FIG. 1 is a block diagram of a system according to the present invention;

FIG. 2 is a diagram of a repeat generating module;

FIG. 3 is a diagram of a translation generation module architecture;

FIG. 4 is a block diagram of an transliteration generation module;

FIG. 5 is a block diagram of a translation generation module;

FIG. 6 is a block diagram of a model generation module;

FIG. 7 is a diagram of a synonym replacement generation module structure;

FIG. 8 is a diagram of a synonym filter module structure.

Detailed Description

The sentence repetition generating system based on the pre-training model provided by the invention is described in detail below with reference to the accompanying drawings.

The invention relates to a sentence repeat generating system based on a pre-training model, which comprises a repeat generating module, a fluency filtering module and a semantic filtering module which are connected in sequence; the rephrase generating module is used for generating the rephrase; the fluency filtering module is used for calculating the fluency of repeat, and filtering to obtain repeat with the fluency not lower than a threshold value; the semantic filtering module is used for calculating the semantic similarity between the repeat and the original sentence, and filtering to obtain the repeat with the semantic similarity not lower than a threshold value.

The duplicate generation module comprises a translation generation module, a model generation module and a synonym replacement generation module; the translation generation module generates a repeat through two modes of transliteration generation and retranslation generation, the model generation module generates a repeat through a language model, and the synonym replacement generation module generates a repeat through replacing synonyms in the original sentence.

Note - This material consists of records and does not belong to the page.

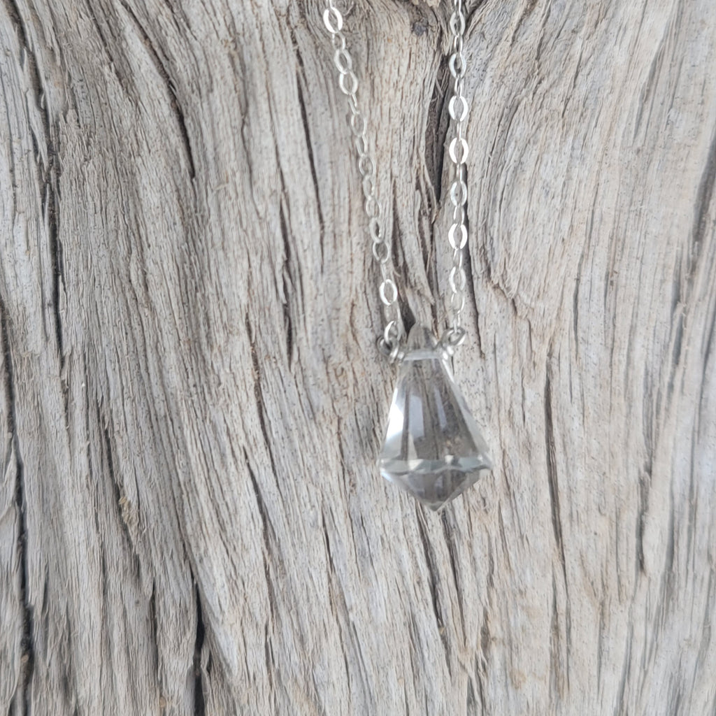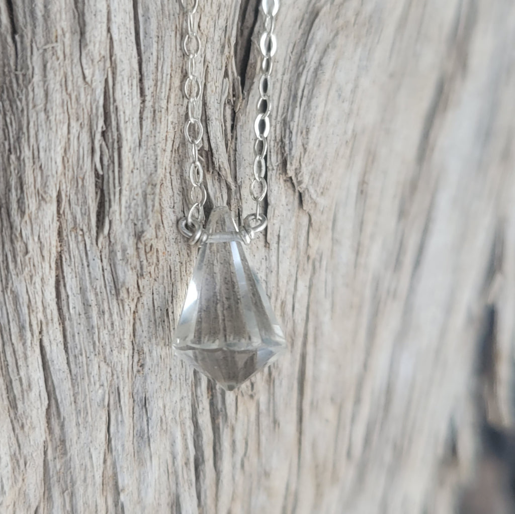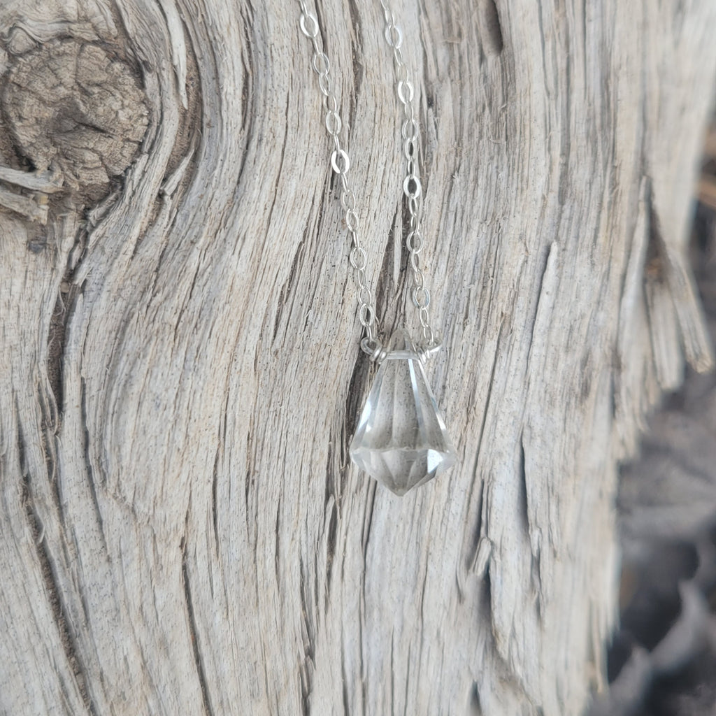 The Clear Quartz Sterling Silver Necklace features a beautifully faceted stone. It suspends from 16 or 18 inches of sterling silver chain with spring clasp and closure.  The necklace in the photograph is on the Cable chain.  It's the daintiest option at 1.08mm, which is why its cheaper.  It is sturdy, but if you're hard on your jewelry, I would recommend any of the other chain options.
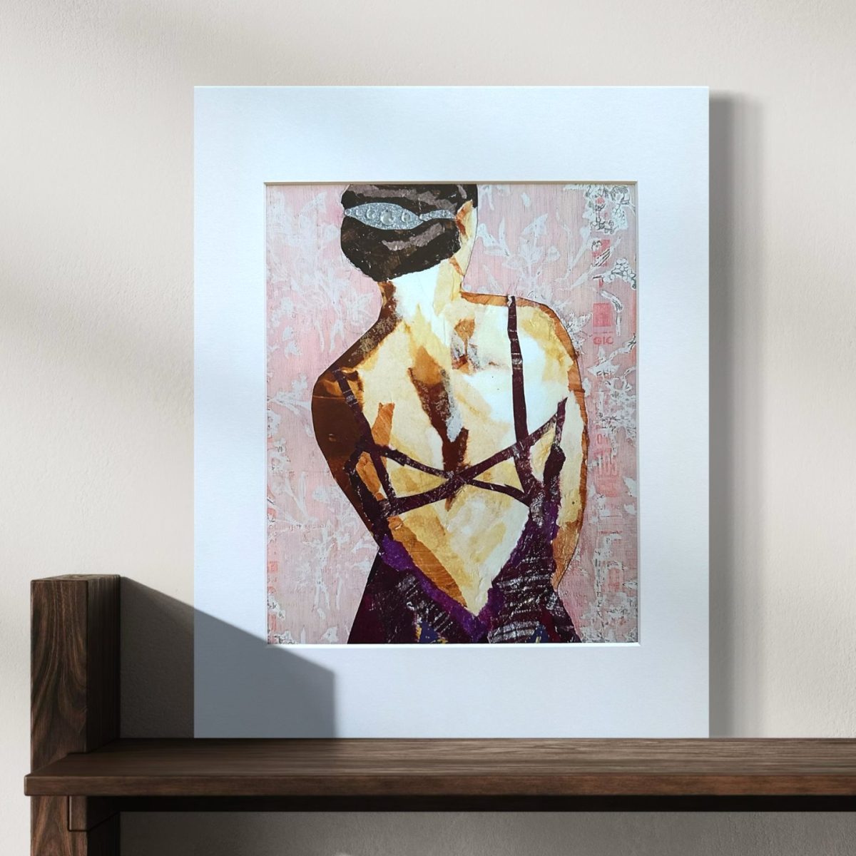 The original collage was created using layers of handmade papers, tissue papers, and cardstock, carefully arranged to build texture, movement, and depth. Rhinestone embellishments add a subtle shimmer—small moments of light that suggest confidence, adornment, and individuality.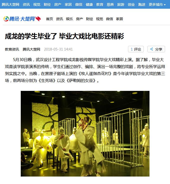 大楚网消息 5月30日晚,best365中国官方网站成龙影视传媒学院毕业大戏精彩上演。据了解,毕业大戏是该学院表演系的传统,学生们通过创作、编排、演出一场完整的戏剧,将专业所学运用到实践之中。当晚,在黑匣子剧场上演的《牧人遥指杏花村》是今年该学院毕业大戏的第三场,前两场分别为《生死场》以及《萨勒姆的女巫》。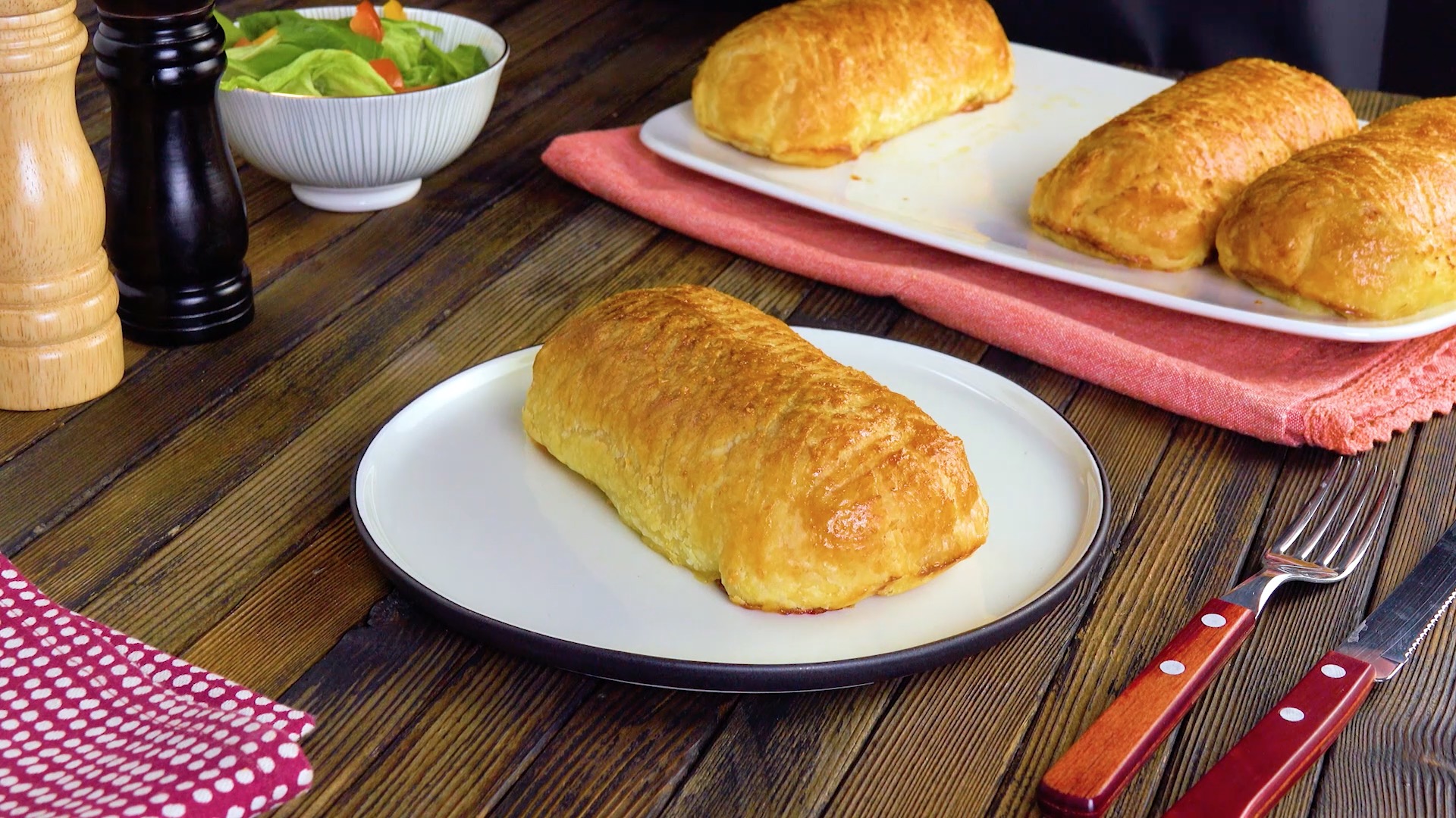4.) Bestreiche die Rollen mit den beiden verquirlten Eiern und ritze mit einer Gabel ein Kreuzmuster in den Blätterteig. Gare die Rollen 30 Minuten lang bei 170 °C Umluft im Ofen.

The transliteration generation mode generates a repeat by translating an input sentence into a Chinese language, a Guangdong language and a traditional Chinese language, and the retranslation generation mode generates a repeat by translating an input Chinese sentence into an English sentence and then translating the English sentence into a Chinese language; the retracing generation method also utilizes a multi-language translation model to translate an input sentence into a German sentence, and then translates the German sentence into a Chinese to generate a rephrase.

The model generation module comprises two modes of directly training a Chinese compound generation model to generate compound and indirectly generating Chinese compound by using an English compound generation model, wherein the mode of indirectly generating Chinese compound by using the English compound generation model is to translate Chinese sentences into English, input the English compound generation model to generate English compound, and translate the English compound into Chinese to generate Chinese compound.

The synonym replacement generation module comprises a participle submodule, a named entity recognition submodule, a replaceable word filtering submodule, a synonym searching submodule, a synonym filtering submodule and a synonym replacing submodule.

The replaceable word filtering module in the synonym replacement generating module takes an entity type set consisting of an article name (nw), other proper names (nz), punctuation marks (w), a person name (PER), a place name (LOC), an organization name (ORG) and TIME (TIME) as a non-replaceable entity type set, and entities with types belonging to the set do not undergo synonym replacement.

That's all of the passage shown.